Reputation: 2042
I am trying to do semantic search with Elasticsearch using tensorflow_hub, but I get RequestError: RequestError(400, 'search_phase_execution_exception', 'runtime error')
. From search_phase_execution_exception I suppose that with corrupted data(from this stack question) My document structure looks like this
{
"settings": {
"number_of_shards": 2,
"number_of_replicas": 1
},
"mappings": {
"dynamic": "true",
"_source": {
"enabled": "true"
},
"properties": {
"id": {
"type":"keyword"
},
"title": {
"type": "text"
},
"abstract": {
"type": "text"
},
"abs_emb": {
"type":"dense_vector",
"dims":512
},
"timestamp": {
"type":"date"
}
}
}
}
And I create a document using elasticsearch.indices.create
.
es.indices.create(index=index, body='my_document_structure')
res = es.indices.delete(index=index, ignore=[404])
for i in range(100):
doc = {
'timestamp': datetime.datetime.utcnow(),
'id':id[i],
'title':title[0][i],
'abstract':abstract[0][i],
'abs_emb':tf_hub_KerasLayer([abstract[0][i]])[0]
}
res = es.index(index=index, body=doc)
for my semantic search I use this code
query = "graphene" query_vector = list(embed([query])[0])
script_query = {
"script_score": {
"query": {"match_all": {}},
"script": {
"source": "cosineSimilarity(params.query_vector, doc['abs_emb']) + 1.0",
"params": {"query_vector": query_vector}
}
}
}
response = es.search(
index=index,
body={
"size": 5,
"query": script_query,
"_source": {"includes": ["title", "abstract"]}
}
)
I know there are some similar questions in stackoverflow and elsasticsearch, but I couldn't find solution for me.
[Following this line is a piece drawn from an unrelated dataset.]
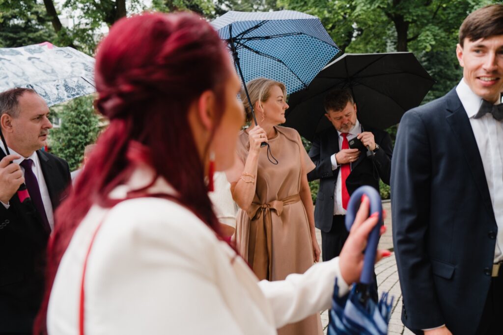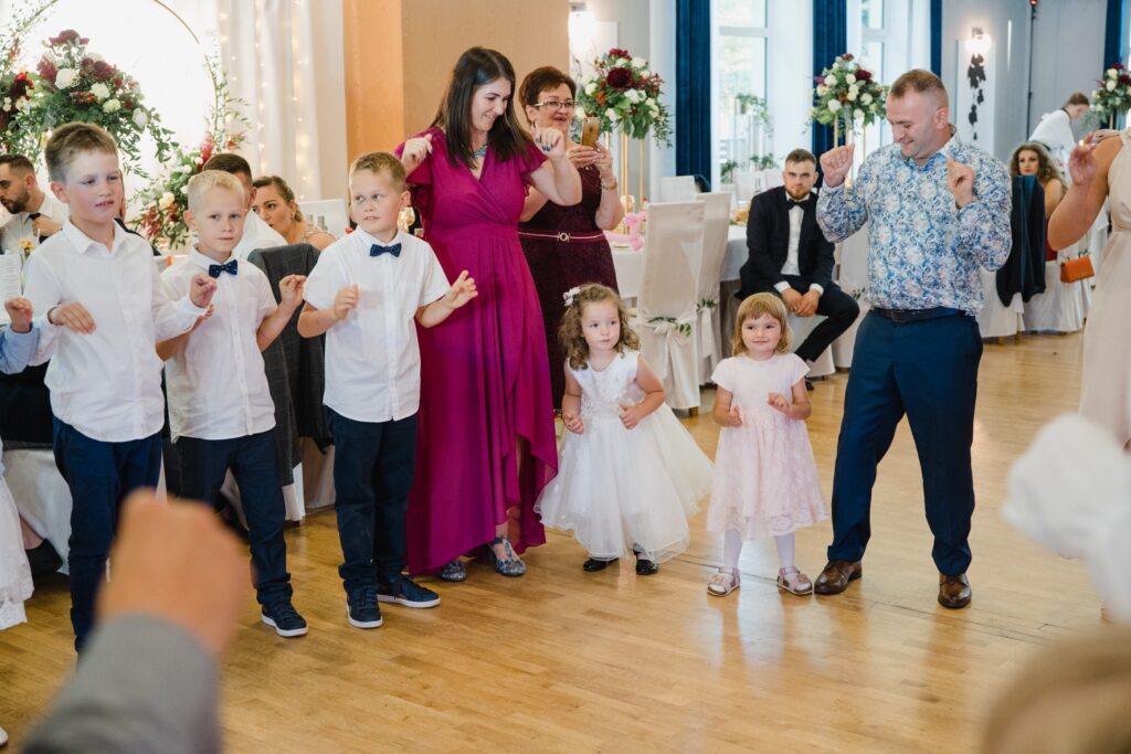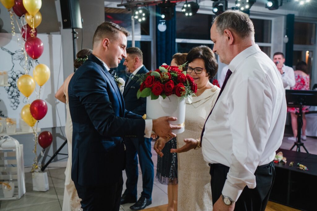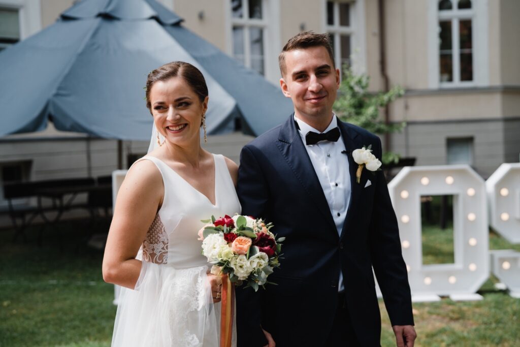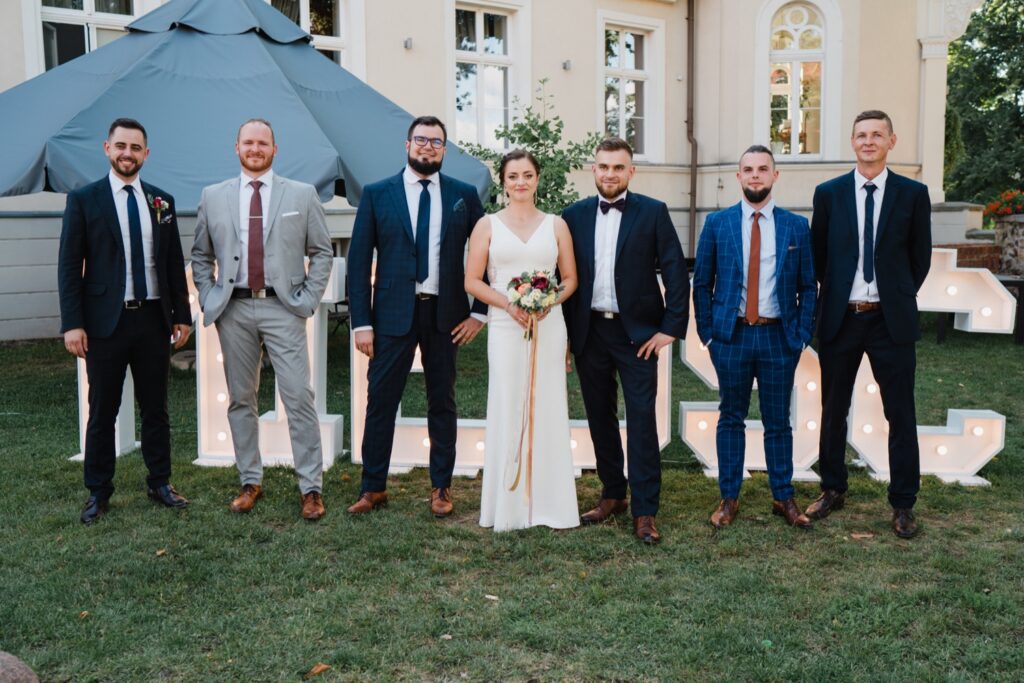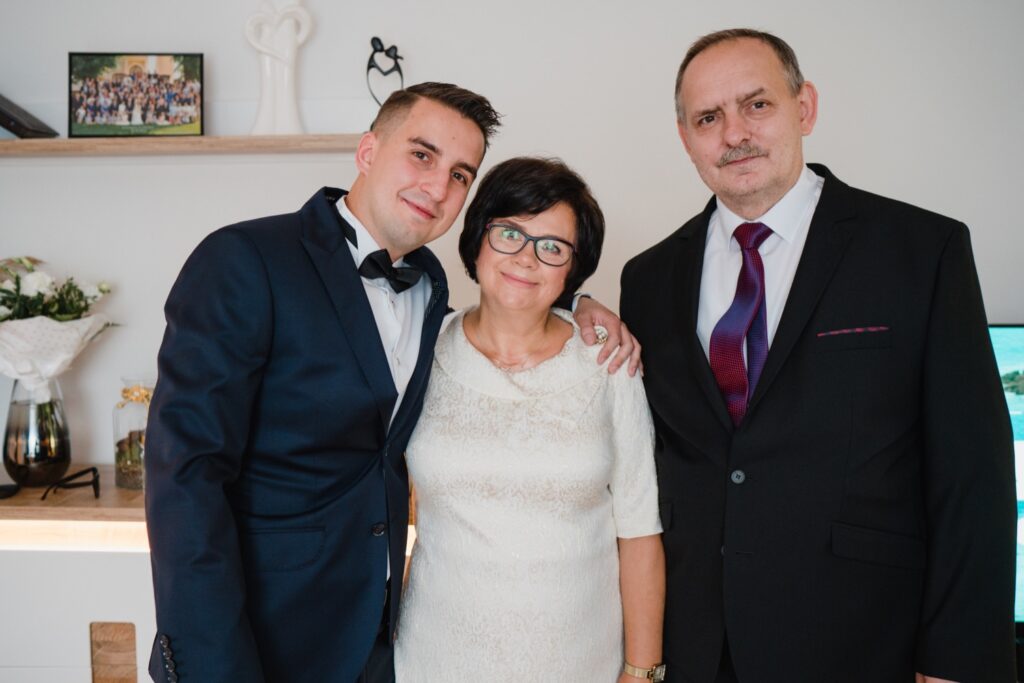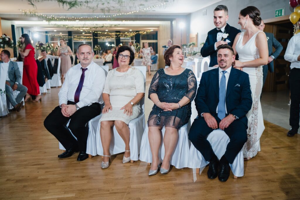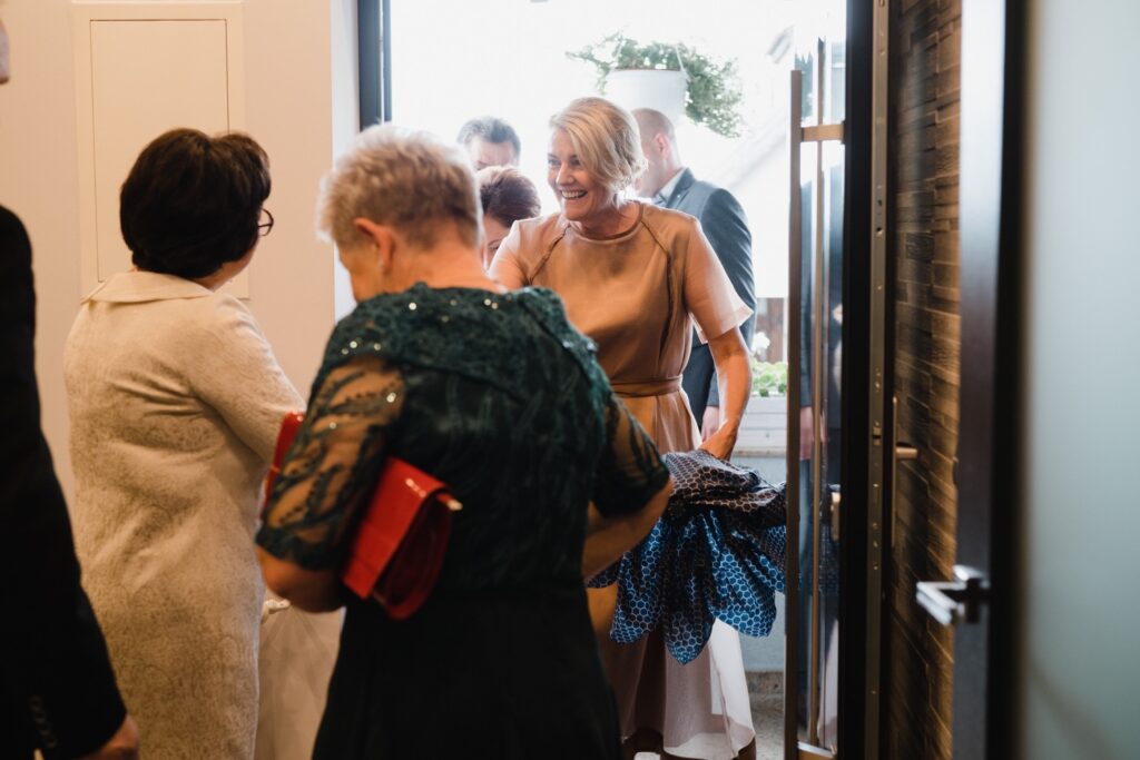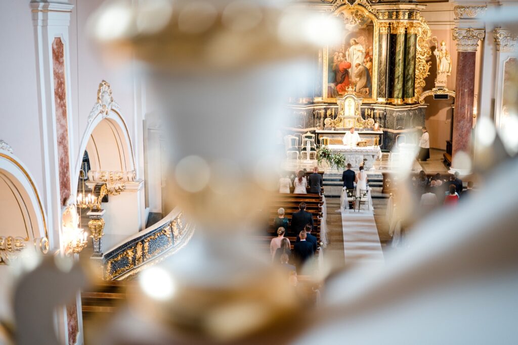 Angelika i Bartek, pełni radości i optymizmu rozpoczęli swoje przygotowania. Uśmiech i aura ekscytacji wyczuwalne były w powietrzu. Jeszcze tylko ostatnie dodatki, subtelna biżuteria, zapięty mankiet oraz czuły uścisk – by móc śmiało wkroczyć w ten nowy etap życia. Błogosławieństwo rodziców dodaje otuchy, symbolizuje wsparcie i pojednanie. Swoista magia towarzyszyła zebranym gościom siedzącym w ławkach i oczekujących Państwa Młodych. Czas staje w miejscu, gdy wszystkie oczy zwrócone są na nich. Ceremonia ślubna jest jednym z kluczowych momentów tego dnia, a wypowiedziane słowa przysięgi symbolizują miłość, wierność i oddanie dwojga ludzi. Fotografując ceremonię zaślubin mam możliwość towarzyszyć Wam również emocjonalnie w tym dniu. Rozbrzmiewające pieśni chóralne, dźwięk kościelnych organów budują niezapomniany klimat. Oranżeria kościoła dodała szyku całej ceremonii oraz podkreśliła wyjątkowość tej chwili. Wraz z pierwszymi oklaskami i wiwatem gości rośnie euforia i ekscytacja całego dni. Pierwsze życzenia i czułe uściski napełniają Parę Młodą szczęściem i nadzieją. Jest to idealny moment na zebranie wszystkich gości i zrobienie zdjęcia grupowego.

My guess is that the document structure is wrong but I can't figure out what exactly. I used search query code from this repo. The full error message is too long and doesn't seem to contain much information, so I share only last part of it.
~/untitled/elastic/venv/lib/python3.9/site-packages/elasticsearch/connection/base.py in
_raise_error(self, status_code, raw_data)
320 logger.warning("Undecodable raw error response from server: %s", err)
321
--> 322 raise HTTP_EXCEPTIONS.get(status_code, TransportError)(
323 status_code, error_message, additional_info
324 )
RequestError: RequestError(400, 'search_phase_execution_exception', 'runtime error')
An here is the Error from Elasticsearch server.
[2021-04-29T12:43:07,797][WARN ][o.e.c.r.a.DiskThresholdMonitor]
[asmac.local] high disk watermark [90%] exceeded on
[w7lUacguTZWH9xc_lyd0kg][asmac.local][/Users/username/elasticsearch-
7.12.0/data/nodes/0] free: 17.2gb[7.4%], shards will be relocated
away from this node; currently relocating away shards totalling [0]
bytes; the node is expected to continue to exceed the high disk
watermark when these relocations are complete
Upvotes: 5
Views: 14972
Reputation: 3034
I had a similar issue, because I was using doc['text_vector']
instead of 'text_vector'
. (see breaking change at 7.6 version of elasticsearch)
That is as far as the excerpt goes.